Wednesday, March 11, 2009

Bill Could Free Teen Killers

by Alison Costello, Capital News Service
The Macomb Daily
Wednesday, March 11, 2009

LANSING — Amy Black was 16 when she helped her adult boyfriend clean up the crime scene after he stabbed a man to death in 1990 in Muskegon County.

When they were both arrested, Black falsely claimed she was the killer because she thought she would be treated with more leniency than her older boyfriend.

Because there were no appropriate juvenile facilities for her, she was sentenced as an adult to life without chance of parole, according to the American Civil Liberties Union of Michigan.

Now 34, she has served more than 16 years and is at the Scott Correctional Facility in Plymouth.

Black is not alone. The United States is the only country, besides Somalia, that sentences teenagers to life in prison with no chance for parole.

And Michigan is second behind Pennsylvania with more than 300, according to the ACLU. Louisiana, California and Florida trail behind.

Patricia Caruso, director of the Department of Corrections, said the number reaches 400.

Jeff Fink, the Kalamazoo County prosecutor, said each state has a different age group to determine which suspects are considered juveniles.
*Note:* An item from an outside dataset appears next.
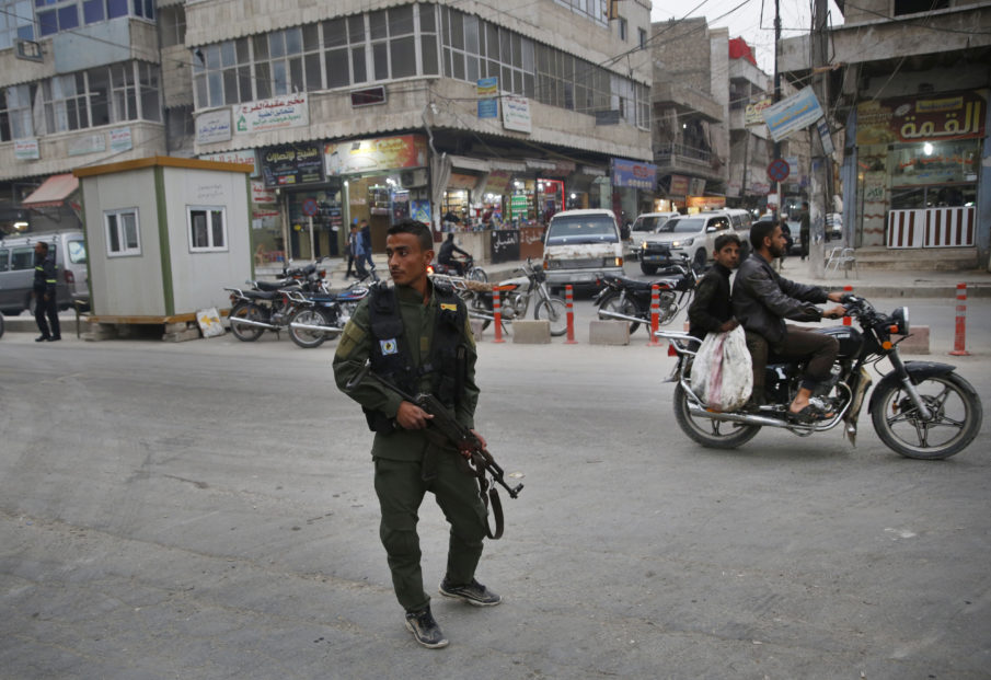 Featured Image: In this photo taken on Wednesday, March 28, 2018, a member of the Kurdish internal security forces patrols a commercial street in Manbij, north Syria. Manbij, a mixed Arab and Kurdish town of nearly 400,000, was liberated from Islamic State militants in 2016 by the YPG fighters with backing from U.S-led coalition airstrikes. With Turkey’s threats, the town has become the axle for U.S. policy in Syria, threatening its prestige and military deployment in eastern Syria. (AP Photo/Hussein Malla)

Michigan's is 14 to 16.

Kevin Boyd of Oakland County is one of them.

At 16, Boyd and his mother were convicted of murdering his father.

Boyd denies the charge but admits to giving the keys to his father's apartment to his mother and her lover, knowing that they had discussed killing him.

According to the ACLU, Boyd had suffered emotional and physical abuse from both parents who had divorced five years before the murder, attempted suicide in middle school and had been diagnosed with severe depression.

Now 31, he has served more than a decade and is at the Thumb Correctional Facility in Lapeer.

So at a time when the state struggles with a $1.5 billion deficit and a prison system eating up 20 percent of the budget, advocates of changing the law say it's time to rethink sending juveniles to prison for life without parole.

Juvenile offenders like Black and Boyd may get a second chance if Sen. Liz Brater, D-Ann Arbor, has her way.

She re-introduced legislation to ban life without parole for juveniles and allow such inmates already serving such sentences to apply for parole.

"Many of the juveniles receiving this sentence were acting with older codefendants who received lesser sentences," she said. "Many were abandoned or neglected or had untreated mental illness."

The bill is cosponsored by Sens. Mickey Switalski, D-Roseville; Martha Scott, D-Highland Park; Irma Clark-Coleman, D-Detroit; Gilda Jacobs, D-Huntington Woods; Tupac Hunter, D-Detroit; Hansen Clarke, D-Detroit; and Buzz Thomas, D-Detroit.

Patricia Caruso, director of the state Department of Corrections, supports the legislation and said juveniles should never come into the adult prison system.

"When you put a 14-year-old in an adult system, you've given up. Adult prisons are not designed for juveniles," she said.

In Michigan, the juvenile justice system is run by the Department of Human Services — out of her jurisdiction.

"I'm not saying they should not be held accountable," she said. "I don't think that until they are adults they should come into the adult prison system."

But Fink, who said his office sends fewer than one Kalamazoo County juvenile to adult prison per year, said it's important to have the option.

That's because unless offenders are sentenced to the adult prison system right away or when they turn 17, they'll get out once their juvenile sentence is served, he said.

"Even if you're telling people, 'I hate women, I want to kill people,' you'll be released," he said. "Unfortunately, there are a few juveniles who are a danger to the public."

According to Corrections officials, it costs about $30,000 per year to keep an inmate in prison.

For Michigan's 300 to 400 juvenile lifers, that works out to about $9 million to $12 million of the department's annual $2 billion budget.

Brater's bill is pending in the Senate Judiciary Committee.